Before the emergence of antibiotics and vaccines, infectious diseases represented a great threat to human society. Nowadays, high vaccination coverage has helped to significantly reduce the incidence of many infectious diseases. For infected patients, especially those who are infected with bacterial diseases, clinicians can choose from a wide range of antibiotics. The achievements in the development of vaccines and antibiotics have caused many to feel that the war against infectious diseases is winnable. However, the brutal fact is that several novel infectious diseases have emerged within the first 20 years of the 21st century including severe acute respiratory syndrome (SARS), middle east respiratory syndrome (MERS), and, recently, the 2019 novel coronavirus (2019-nCoV). The emergence of these novel infectious diseases reminds us that there is a long way to go in the war against infectious diseases.

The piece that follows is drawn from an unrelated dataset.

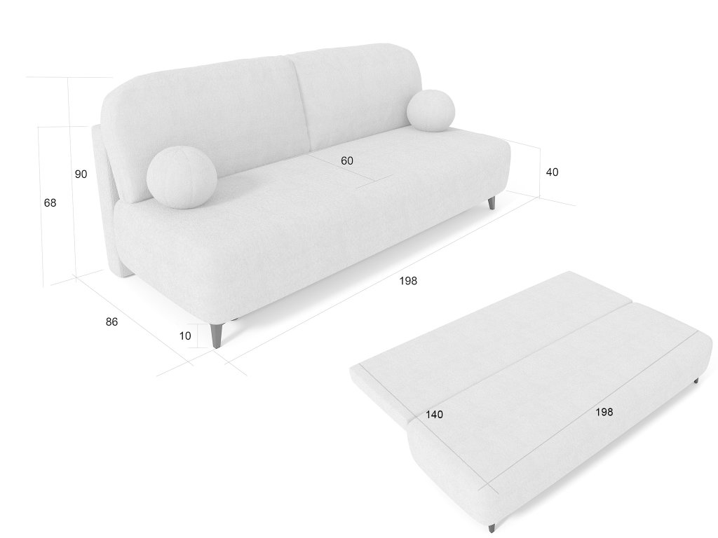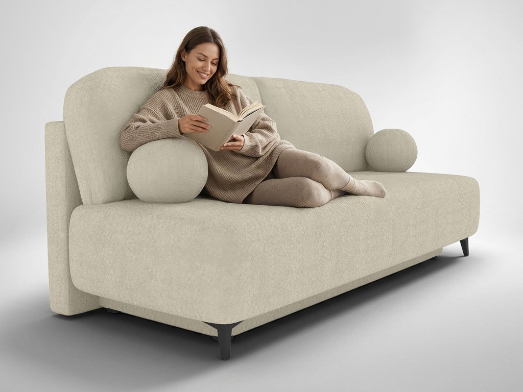 A Rio kanapéágyat letisztult vonalak és elegáns részletek határozzák meg. A fekete fém lábak modern karaktert kölcsönöznek a bútornak, míg a krémszínű Abriamo kárpitszövet elegáns és időtálló hatást kelt. Ez a strapabíró, hurkolt fonalból készült bouclé szövet ellenáll a kopásnak, a bolyhosodásnak és a kifakulásnak, így a modern, háromszemélyes kanapé mindennapi használat mellett is megőrzi esztétikus megjelenését. A Rio kanapé elegendő helyet biztosít a család és a vendégek kényelmes pihenéséhez, miközben a stílust, a komfortot és a funkcionalitást egyesíti. A RIO kihúzható kanapé nem csupán egy egyszerű ülőhelyet biztosít, de az ágyazható funkciójának köszönhetően egy kényelmes 140x198 cm fekhelyet is kap fele. Ez az ágyneműtartós kanapéágy így könnyen alkalmazkodik az Ön igényeihez. Egyszerű átalakítással kényelmes vendégággyá alakítható, a praktikus ágyneműtartó pedig elegendő helyet biztosít az ágynemű, a plédek, vagy a szezonális ruhák tárolására. Ideális választás olyan otthonokba, ahol fontos a tér hatékony kihasználása és a mindennapi praktikum.

Timely and accurate diagnosis is the first essential step in the management of infectious diseases. Traditionally, microbiological approaches, such as culture and staining, have been the gold standards for diagnosing infectious diseases. However, these approaches are labor- and time-consuming, which does not allow for rapid diagnosis. Moreover, staff in the clinical microbiology department require specialized training. Currently, body fluid biomarkers and some novel laboratory technologies (e.g., nucleic acid amplification test (NAAT) and mass spectrum) are widely used in the clinical laboratory setting, and represent the major approaches for the diagnosis of infectious diseases. In this special series of Annals of Translational Medicine, experienced clinicians, microbiologists, and laboratory technicians contribute some of their valuable works in the field of laboratory testing of infectious diseases.

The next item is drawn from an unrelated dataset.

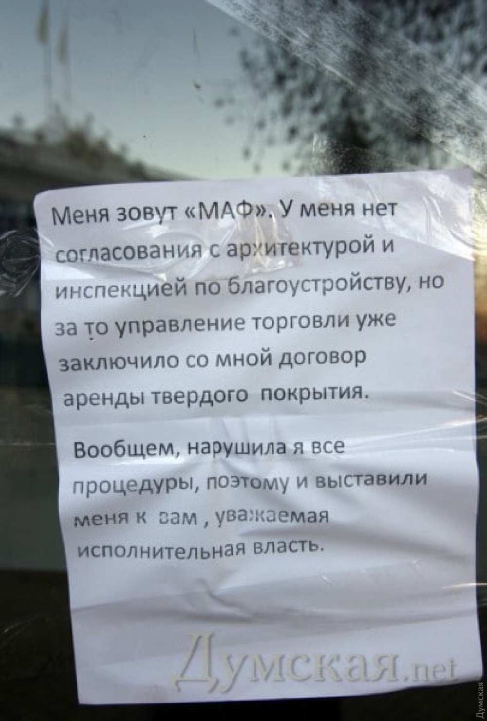 Одесская МАФия снова подает признаки жизни. После шести лет негласного моратория на новые ларьки, в городе начали появляться свежие будки. Формально все (ну или почти все) законно, фактически — система снова дает сбой: аренда стоит копейки, а посредники зарабатывают в разы больше города, да и что греха таить, эти ларьки, понатыканные повсюду, портят и так не идеальный вид пока спальных районов. Но если процесс не остановить, мы уверены, доберутся они и до побережья. Редакторка «Думской» Алия Замчинская вспоминала, какой была Одесса-будочная раньше и какой может стать в будущем. ИСТОКИ ЗЛА И ЧУДО ЦИФРОВИЗАЦИИ Понятия МАФия и МАФизация прочно закрепились в Одессе в начале 2010-х, во времена Алексея Костусева. Тогда появление ларьков и киосков стало совершенно хаотичным. Мэр пытался сдержать процесс — объявлял «мораторий», собственноручно громил отдельные точки кувалдой (что породило кучу мемов), — но безуспешно. МАФизацией занимались лично главы райадминистраций, не подконтрольные Костусеву, в частности руководитель Приморской — Иван Пастушок. Лучше стало после смены власти в 2013 году. Управление торговли возглавил Олесь Янчук, который начал наводить порядок — так, как он его понимал. Став вице-мэром, чиновник продолжил работу по сокращению числа МАФов и унификации их внешнего облика. Параллельно он прибирал этот рынок к рукам и даже сейчас, спустя годы после отставки, по всей видимости, контролирует какую-то его часть. Постепенно эта сфера становится все более прозрачной и подконтрольной. Во-первых, в Одессе появилась интерактивная карта, на которую нанесли все (по крайней мере, законные) МАФы. Тут есть исчерпывающая информация о них - адрес, площадь, тип, дата заключения договора, его срок. Во-вторых, теперь каждый предприниматель должен будет размещать на своем ларьке qr-код, который ведет на ту же карту. Мы провели специальный рейд, чтобы понять, выполняют ли коммерсанты это требование (пока не обязательное). Результат неутешителен. Промаркировано всего лишь около трети ларьков. КОГДА ПОСРЕДНИК ЗАРАБАТЫВАЕТ БОЛЬШЕ, ЧЕМ ГОРОД Депутат Петр Обухов, будучи программистом, написал скрипт, который собрал воедино всю информацию о будках в разных районах города. Благодаря этому, мы и можем судить о том, как МАФия разрасталась с годами. К примеру, есть ларек, договор на который действует до 2047 года!!! И еще немного цифр. Всего в городе 71,6 тыс. квадратных метров такой торговой площади. Это же о-го-го, подумаете вы. Но вот вам другая цифра — 70 гривен, именно столько стоит аренда квадратного метра в месяц (на самом деле, есть и другие цифры, но их меньшинство, подробности тут и тут). Всего за год набегает около 60 млн. К слову, во Львове стоимость метра в три раза выше — 200 грн. В Одессе это показатель не пересматривался с декабря 2022-го, а до того было еще вдвое меньше. То есть средняя будка в 20 квадратов приносит городу 1400 гривен в месяц. А вот в субаренду ее могут сдать в 5-10 раз дороже. То есть реальные предприниматели, те, кто торгует шаурмой, кофе и всякими мелочами, 60-80% своей платы за аренду отдают банальному посреднику. Который вовремя подсуетился и заключил договоры. МНИМЫЕ СДЕЛКИ И ПАССИВНЫЕ ПРАВООХРАНИТЕЛИ Объекты уличной торговли еще со времен Эдуарда Гурвица размещаются в Одессе по схеме «аренда твердого покрытия», и предприниматели платят суще

Body fluid biomarkers represent rapid, objective, and easily obtainable tools for infectious disease diagnosis. In this special series, two reviews discuss the diagnostic utility of biomarkers for community-acquired pneumonia (CAP) and tuberculosis pleural effusion (TPE). Leukocyte count, procalcitonin (PCT) and C-reactive protein (CRP) are three widely used laboratory tests for CAP; however, their diagnostic accuracy is far from perfect. In recent years, many novel diagnostic biomarkers for CAP have been identified, such as soluble triggering receptor expressed on myeloid cells-1 (sTREM-1), pro-adrenomedullin (proADM), and presepsin. The diagnostic utility of these markers has been reviewed in depth by Ito et.al. In another review, pleural biomarkers for TPE diagnosis were summarized, and it was concluded that adenosine deaminase (ADA) is the first choice for TPE diagnosis because of its high diagnostic accuracy, short turnaround time (TAT), and low cost. While pleural effusion interferon-gamma and interleukin-27 (IL-27) are also attractive because of their high diagnostic accuracy. Their high cost and non-standardized forms pose major disadvantages.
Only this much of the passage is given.